Pop music is transient by nature. Couture doubly so. Plus we were all doomed anyway according to Planet Earth, their first sci-fi single of ’81. Any civilisation that makes its gods from so much hair gel, Max Factor and pirate blouses is on borrowed time.

But the Birmingham lads are impervious to such sneery brickbats. There are 100 million record sales in the bank and their 15th album, Future Past, is stronger than many of its predecessors.

Singer Simon Le Bon calls his critics “the Cool Nazis”.

“Yeah, they definitely got to me at times,” he admits. Though sprung from punk, Duran Duran’s embrace of MTV boy band glamour was never going to fly with the cred police.

“But then, it doesn’t take much to remind yourself what you’re really there for,” he says. “If you really love music and if it makes you thrill, like we do when we come up with something new … it just smears the Cool Nazis off the plate.”

At home in posh Roehampton, south-west London, the husband of supermodel Yasmin Le Bon is relishing his post-holiday tan while contemplating another big run of US arenas with fellow survivors Nick Rhodes (keys, lipstick), John Taylor (bass, handsomeness) and Roger Taylor (drums).

The addition of Blur guitarist Graham Coxon speaks of the band’s skill for blending cool new ingredients into a sonic template – oodles of synth, slapping funk bass, thwacking ’80s drums, dramatically pitched vocals – that remains utterly identifiable with classics such as Girls On Film and Hungry Like the Wolf.

“Mark Ronson!
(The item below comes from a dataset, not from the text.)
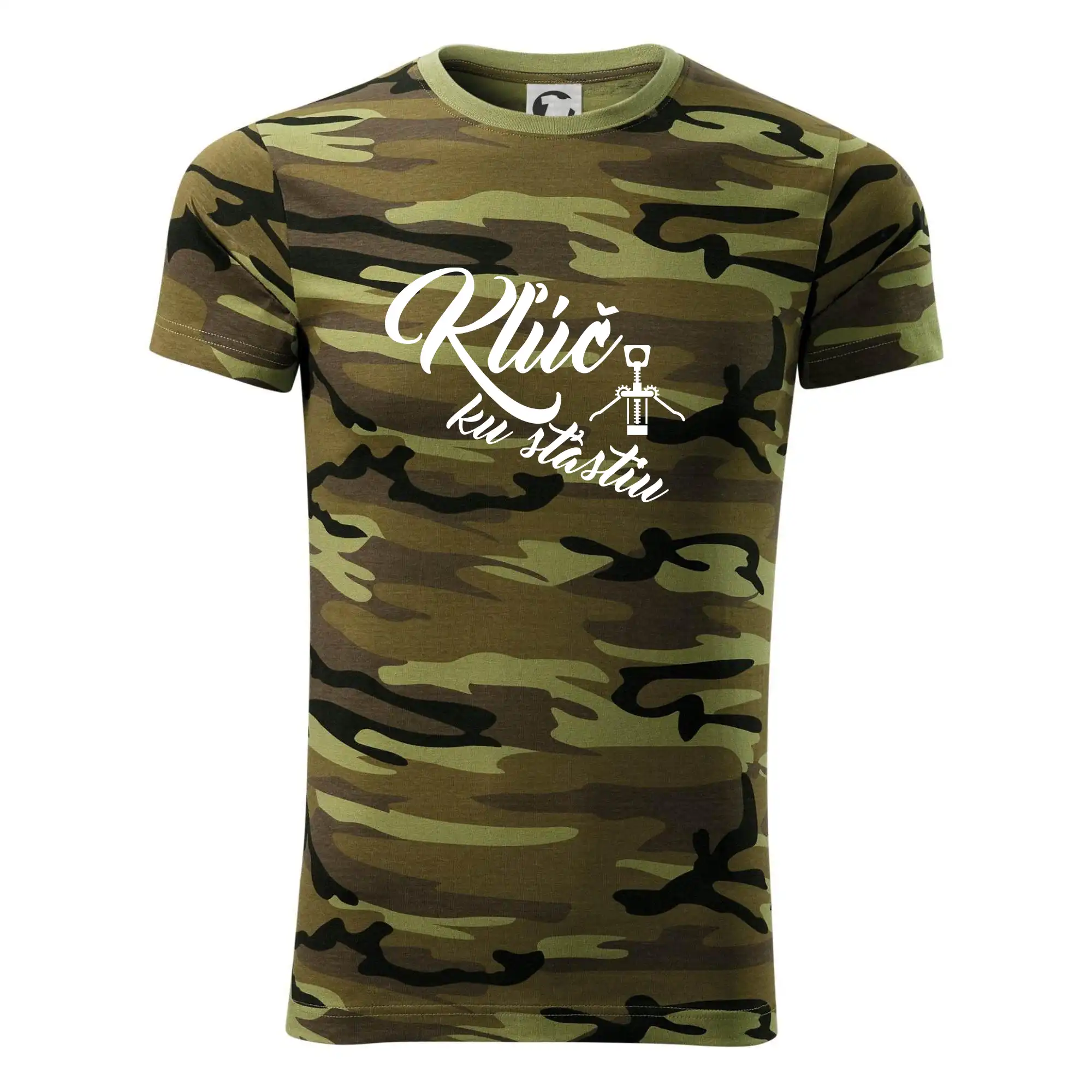 Tričko strednej gramáže vo farbách camouflage. Strih s bočnými švami. Lem priekrčníku z rebrového úpletu s prídavkom 5% elastanu. Vnútorná časť zadného priekrčníka začistená páskou vo farbe camouflage.

Giorgio Moroder! Mike Garson!” Le Bon elaborates of the guest list. Japanese rock girls CHAI turn up, too: More JOY! is a song that insists on the titular good stuff despite lyrics that, overall, lean towards the more bleak and ominous side of the human experiment.

“But life is bleak, isn’t it?” Le Bon responds. “Part of living is getting used to the bleakness of life and going, well, that’s what it is, and accepting it.”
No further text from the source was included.